Стекольщик вызывается показать ему фронт работ. Я остаюсь внизу: сидя в кресле, пью кофе и курю. Мне приходит в голову, что неплохо бы прогуляться, подышать воздухом в маленьком парке неподалеку. День чудесный, солнце заливает золотом деревья вокруг — не решаюсь пойти гулять из страха нарваться на неприятную встречу и испортить себе весь день.
Ровно в одиннадцать звонит Навеед Ронен. За это время плотник увез рамы, требующие ремонта в мастерской. А стекольщик и два его помощника поднялись на второй этаж и работают совершенно бесшумно.
— Ну, старик, что же это происходит? — интересуется Навеед; он рад, что застал меня. — Память отшибло или так, по рассеянности? Уезжаешь, приезжаешь, исчезаешь, снова появляешься — и даже в голову не приходит позвонить дорогому другу и оставить ему координаты.
— Какие? Ты же сам говорил, что мне на месте не сидится.
Он смеется.
— Это не причина. Я, знаешь ли, тоже непоседа, но жена точно знает, где меня найти, когда хочет меня проверить. В Иерусалиме все было в порядке?

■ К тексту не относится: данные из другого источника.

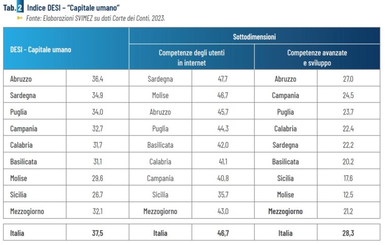 Stando all’ultimo rapporto Desi (Digital Economy and Society Index o Indice dell’Economia e della Società Digitale nella traduzione ufficiale italiana), la regione è tra le ultime in Italia per competenze del capitale umano. Nell’indice ottiene infatti 31,7 punti contro la media nazionale del 37,5 e di 32,1 degli altri territori del Meridione.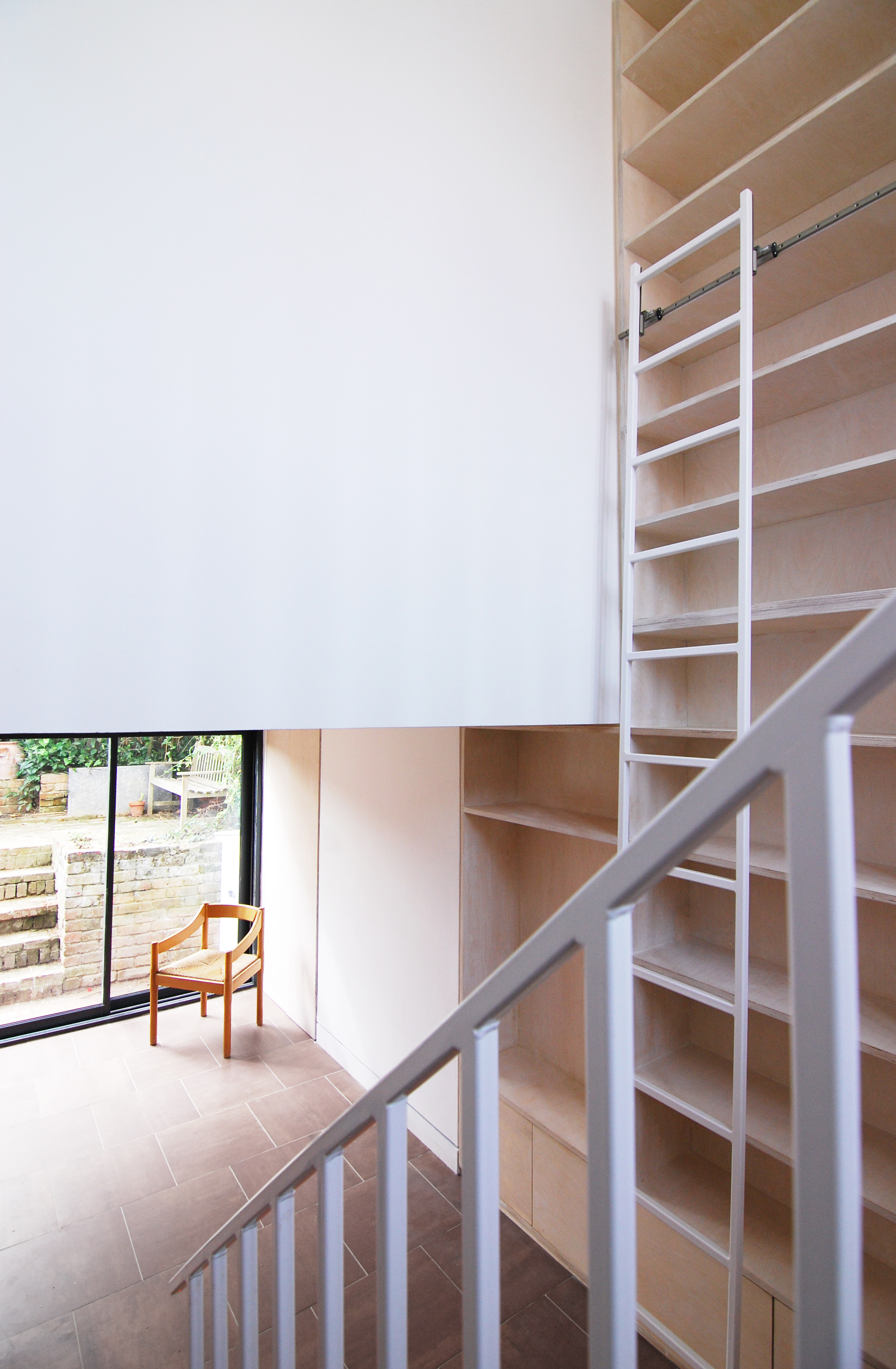 The joinery elements are made from birch plywood and finished with a semi-transparent white wax, the balustrade, bannister and sliding library ladder from bespoke white powdercoated 20mm square-section steel. A new terracotta floor picks up on the tones of the external red brick paving and completes the palette of soft, earthy materials.

— Откуда ты знаешь, что я был в Иерусалиме?
— Ну, я же полицейский (слышно, что он улыбается). Я позвонил Ким, а трубку снял Вениамин. Он мне и сказал, где вы.
— А кто тебе сказал, что я вернулся?
— Я позвонил Вениамину, а трубку сняла Ким… Такой вариант тебя устроит?.. Слушай, я звоню потому, что Маргарета была бы очень рада, если б ты выбрался к нам поужинать. Она тебя тысячу лет не видела.

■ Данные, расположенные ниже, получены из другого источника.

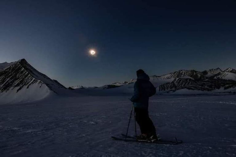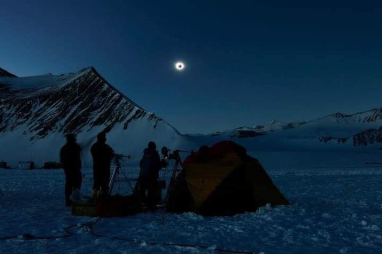 Este sábado se registró un eclipse solar total que se prolongó por espacio de dos minutos como consecuencia de la interposición de la Luna entre el Sol y la Tierra, y que se pudo apreciar en su perfección desde la Antártida.

— Сегодня не могу, Навеед. У меня всякие дела по дому. К тому же тут работает бригада стекольщиков, и плотник утром заезжал.
— Ну тогда завтра.
— Не знаю, успею ли я со всем этим закончить.
Навеед откашливается, несколько секунд думает и потом предлагает:
— Если у тебя там много дел, давай пришлю кого-нибудь на помощь.
— Просто мелкий ремонт. Здесь вполне хватает людей.
Навеед снова прокашливается. Это небольшое нервное расстройство; оно дает себя знать всякий раз, когда он в замешательстве.
— Ну ночевать же они у тебя не будут?
— Разве что ночевать не будут! Спасибо, что позвонил, и привет Маргарете.
К полудню Ким никак не дает о себе знать, и я понимаю, что это она, скорее всего, заезжала к Навееду: выяснить, жив ли я.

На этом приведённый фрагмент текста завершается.